Nearly 70 people showed up Monday night for a community forum hosted by Decatur’s NAACP chapter that was often intensely emotional.
It followed an angry parent’s complaints on the school district’s Facebook page about school officials and disparity between black and white students. The NAACP called for steps including monitoring school board meetings and students’ behavior.
Many at the forum live in Allen Wilson Terrace apartments and all wanted to hear from Okeeba Jubalo, the man whose words about residents there angered many last month.
Writing on City Schools Decatur’s Facebook page a few days after he said his daughter was attacked by five girls on Nov. 10, Jubalo said “those ghetto rats across the tracks. I wish they would just bulldoze (Wilson Terrace) and send them to DeKalb County or [Atlanta Public Schools].”

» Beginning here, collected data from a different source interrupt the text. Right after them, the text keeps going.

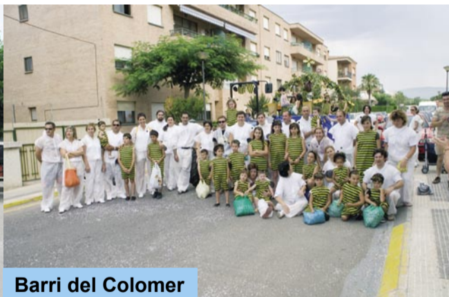
Barri del Colomer
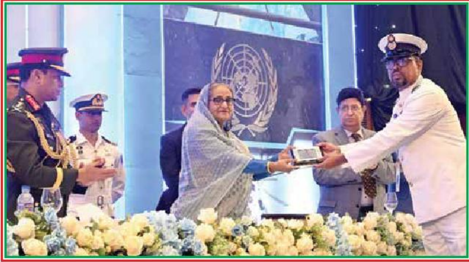
২৯ মে ২০২৩ তারিখে প্রধানমন্ত্রী শেখ হাসিনা ঢাকায় বঙ্গবন্ধু আন্তর্জাতিক সম্মেলন কেন্দ্রে আন্তর্জাতিক জাতিসংঘ শান্তিরক্ষী দিবস-২০২৩ উপলক্ষে আয়োজিত অনুষ্ঠানে জাতিসংঘ শান্তিরক্ষা মিশনে শহিদ ও আহত শান্তিরক্ষীদের সম্মাননা প্রদান করেন
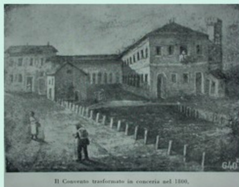
Il Convento trasformato in cinema nel 1880.
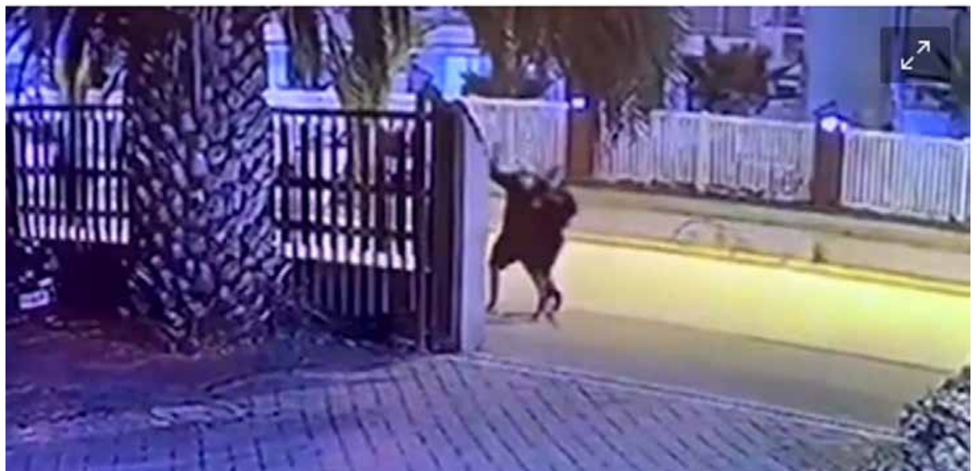
Registro del hecho en julio de 2022, captado por la cámara de seguridad de un apart hotel de Avenida Pacífico.

El hombre relató al Tribunal Oral de La Serena los momentos del ataque y dio cuenta de las severas secuelas que persisten en su hijo producto del disparo en su cabeza. También prestó declaración un perito balístico, una funcionaria de PDI y una médico legista. Para hoy se espera que entregue su versión de los hechos la víctima de 17 años de edad, avanzando en el proceso que podría terminar antes de lo previsto.
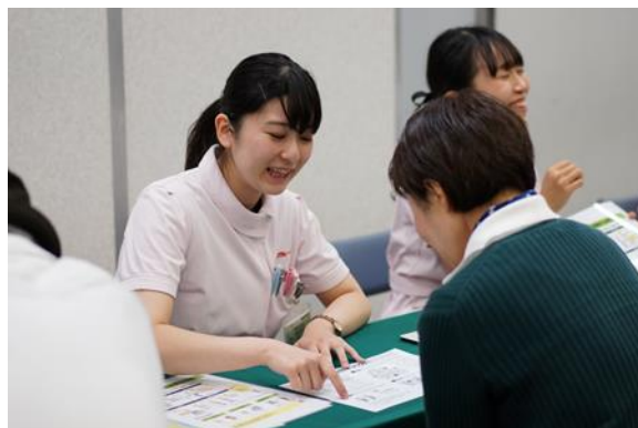
▲薬剤師・管理栄養士による健康相談
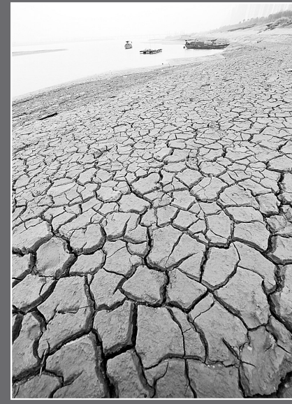
赣江南昌段北岸干枯的河滩(24日摄) 11月中旬以来，江西境内降雨稀少，赣江水位全线回落，继中游吉安、樟树、丰城等水文站突破历史最低水位以来，12月21日，南昌站水位再跌破极值，达到13.55米，比历史最低水位(13.61米)还低0.06米。

——促进房地产业平稳发展。要认真分析和研究房地产市场形势，正确引导和调控房地产市场；加快保障性住房建设，加大廉租房、经济适用房等保障性住房建设规模；落实和完善促进合理住房消费的政策措施，促进中小户型、中低价位普通商品房开发建设，加快发展二手房市场和住房租赁市场；从严格控制廉租房租金，规范地方政府土地出让行为，抑制地价过快上涨。
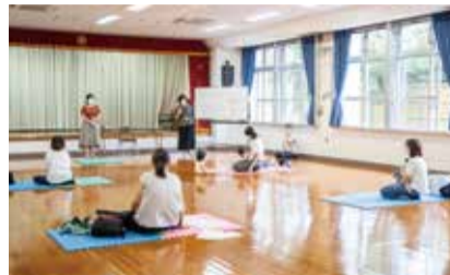
この日は4組の親子が利用。人との距離をしっかりと確保するなど、コロナ対策も万全。

子育てサポーター「子サポ」の活動は、日常的な相談対応と、月1～2回実施する子育てイベントの企画・運営。折尾東市民センターでは毎月第1・2水曜日に子育てイベントを実施しています。イベント時間は約1時間で、この日は子どもたちが歌に合わせて体を動かすリズム体操のほか、栄養士を講師に招き、「おいしく食べよう」をテーマに乳幼児期の食育について話していただくなど、盛りだくさんの内容。参加した親子も「子サポ」の皆さんも、始まりから終わりまで笑顔、笑顔の1時間でした。
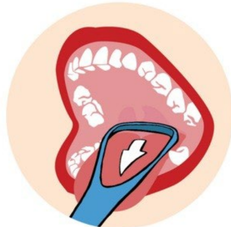
Figuur 5.2: Tongscraper

All seven girls in the Nov. 10 incident were black, and a 17- and 18-year-old were arrested.
Five minutes into Monday’s meeting former Mayor Elizabeth Wilson dived headlong into the boiling water.
She talked about moving into Wilson Terrace in 1949 when she was 18, and recalled when the Klan marched in protest on the city square before Decatur’s schools were integrated in 1965. Then she turned to Jubalo and said, “No one should ever be disrespected, insulted or called names you weren’t given at birth.”
Jubalo said, “If I hadn’t said what I said, we wouldn’t be here now.” He told the crowd, “Once I put it out in the media, that got the ball rolling. You’ve got to embarrass people sometimes to get them on board.”
He did strike a conciliatory note, saying, “For anybody’s who’s hurt by this, I say get to know me. I’m not going to give a group apology, but I will apologize one on one.”
Jubalo insists that gangs and bullying are symptoms of a much larger problem in the school district, the gap between white and black students in areas such as reading, writing, math, attendance and discipline.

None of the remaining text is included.